The company which built the wind-damaged roof at Epsom Downs Racecourse has promised to use its “best people” to ensure it does not happen a third time.
On Christmas Eve, a section of the multi-million pound Duchess’s stand’s roof, believed to be the size of a tennis court, was ripped off in the bad weather - almost exactly two years after "freak winds" tore off part of the same roof.
After the first incident, the managing director of the racecourse, Rupert Trevelyan, said he had demanded a ‘guarantee’ from contractors it would never happen again.
At the time, Willmott Dixon, the construction firm responsible for the roof, told the Epsom Guardian it was designed to withstand winds of 47mph and complied with regulations taking into consideration location, exposure, height of the building, shape and size.
But today, Andrew Geldard, a spokesman for Willmott Dixon, which built the roof, claimed it was designed to withstand gusts of 70mph.
That is 22mph more than the highest gust recorded at a weather station in Ewell on Christmas Eve.
The spokesman said the company is working with the roof’s architects to find a solution which will ensure the incident does not happen a third time.
He said: "There has been a little bit damage to the roof.

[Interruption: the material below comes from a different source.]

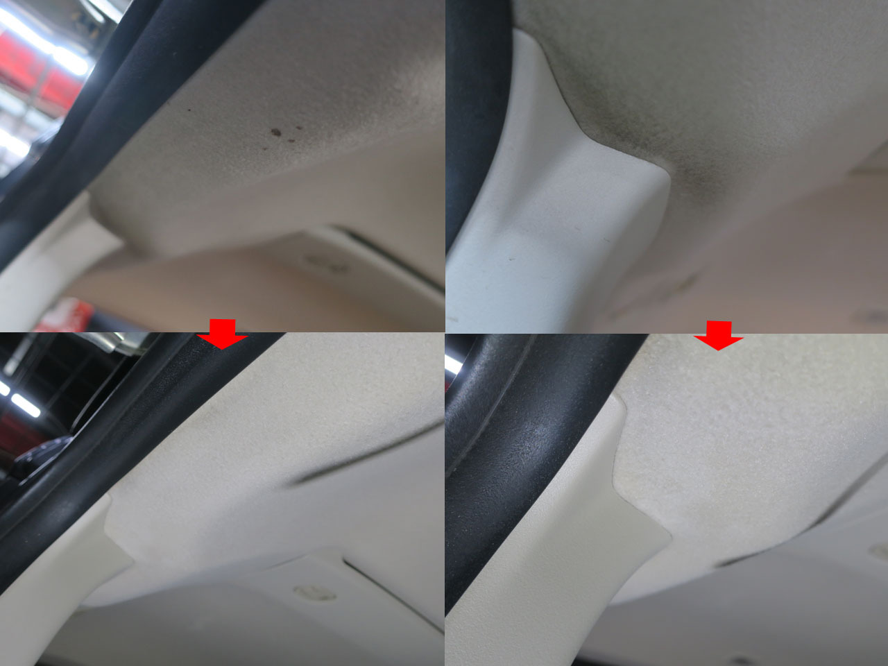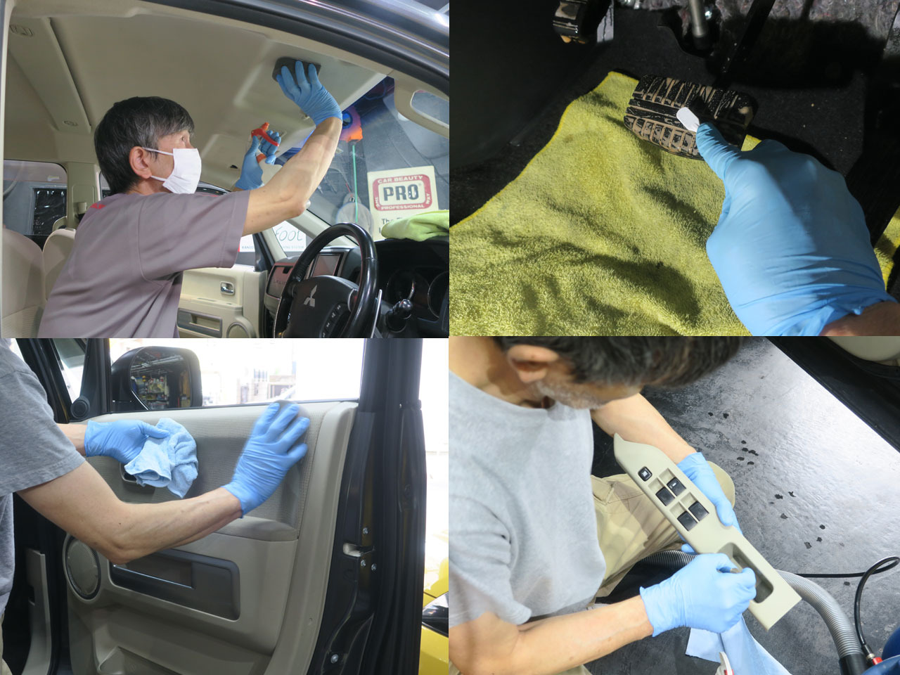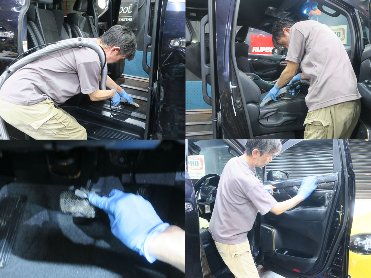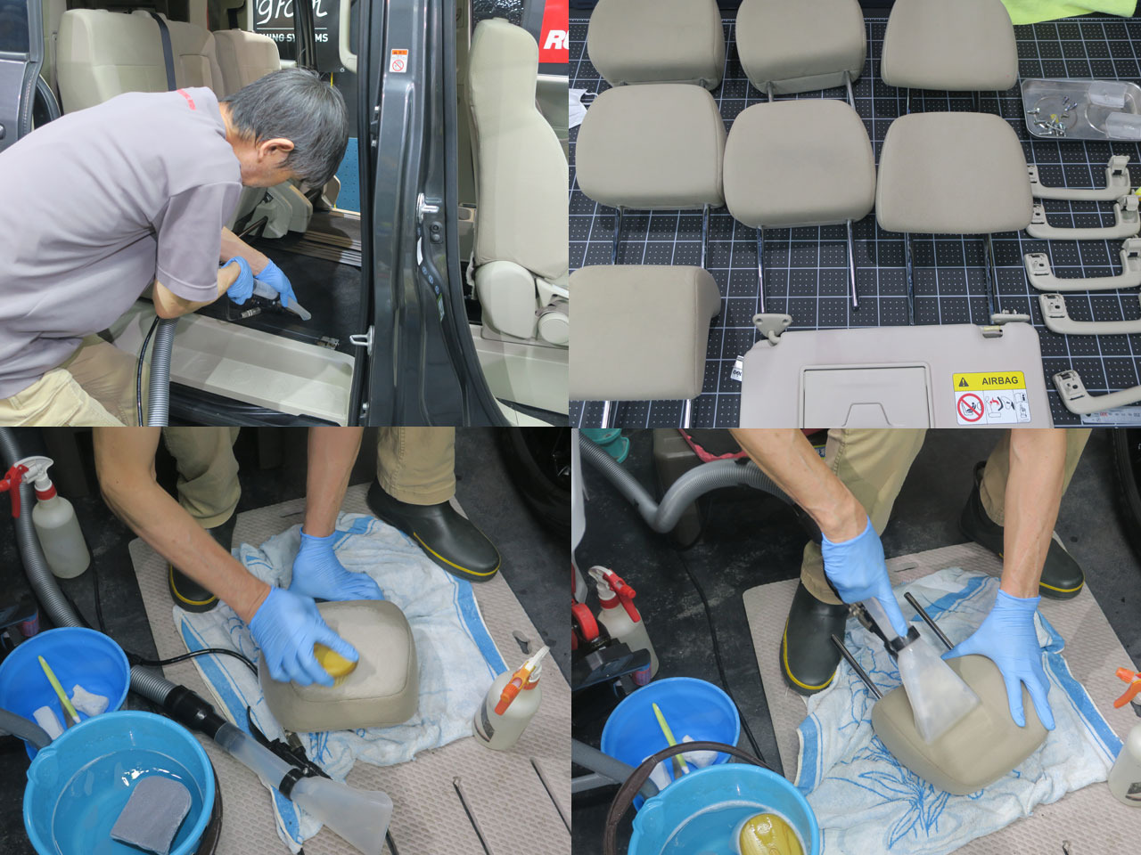 助手席側、後部座席も同じ様に洗浄していきます
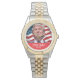 The watch is very nice, the picture is great and the watch looks like quality. The only problem I am having with it is that it is a little too large, and I also can't figure out how to open the clasp. No directions came with it. Very good. The printing is perfect and the watch keeps good time.

It’s not a significant amount.
"The sheer force and intensity of the wind has caused a section of it to become unstuck.
"We are concerned on the basis that we need to address this so it doesn’t happen again.
"We are speaking to the architects and will come up with a solution.
"It has been built to all the specification standards but for some reason again it has come away."
He said the company are not considering altering the design of the roof or installing a new one and that any repair work, which has begun, will involve "strengthening and reinforcing" the existing roof.
Mr Geldard added: "We are putting out best people on this to make sure it doesn’t happen again. We won’t leave it until we are satisfied it will not happen again."
The Duchess’s stand, which was opened in April 2009, was built as part of a £38m development at the racecourse.